Udo Reichl (born 22 October 1959, in Kaufbeuren)  a German bioengineer, is leader of the Research Group Bioprocess Engineering at the Max Planck Institute for Dynamics of Complex Technical Systems in Magdeburg and Chair of Bioprocess Engineering at the Otto-von-Guericke University Magdeburg.

Education & professional career  
Reichl studied biology at Saarland University, Germany, and Chemical Engineering at Stuttgart University, where he gained his PhD at the Institute for Systems Dynamic and Control. After holding several postdoc positions he became head of virus productions at Pitman-Moore GmbH in Burgwedel near Hanover, Germany.

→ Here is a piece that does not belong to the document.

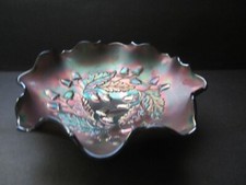 Vtg Fenton Iris Carnival Glass Amethyst 5 Cornered Compote Vibrant Color
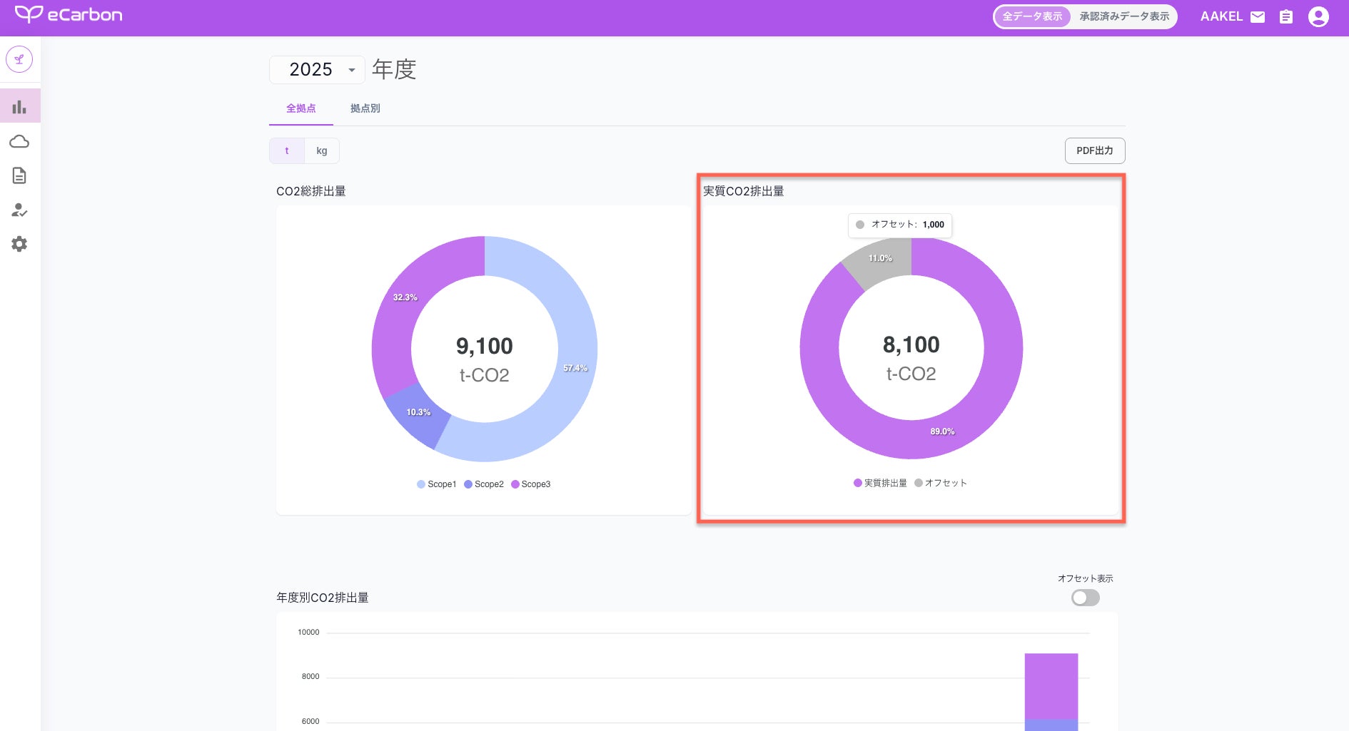 オフセット情報の登録・可視化機能を追加 | 温室効果ガス排出量可視化・削減シミュレーションツール「AAKEL eCarbon」

Since 1999 he has held the Chair of Bioprocess Engineering at the Otto-von-Guericke University Magdeburg, and he was appointed Director at the MPI for the Dynamics of Complex Technical Systems in 2000.

Major research interests  
His major research interests are  the optimization and scale-up of viral-based production processes, chromatographic methods, chromatographic methods for purification of viral antigen, mathematical modeling, monitoring and control of bioprocesses and cellular systems, including quantitative analysis of cellular metabolic and regulation networks and proteomics, particularly the characterization of protein structures involved in glycosylation.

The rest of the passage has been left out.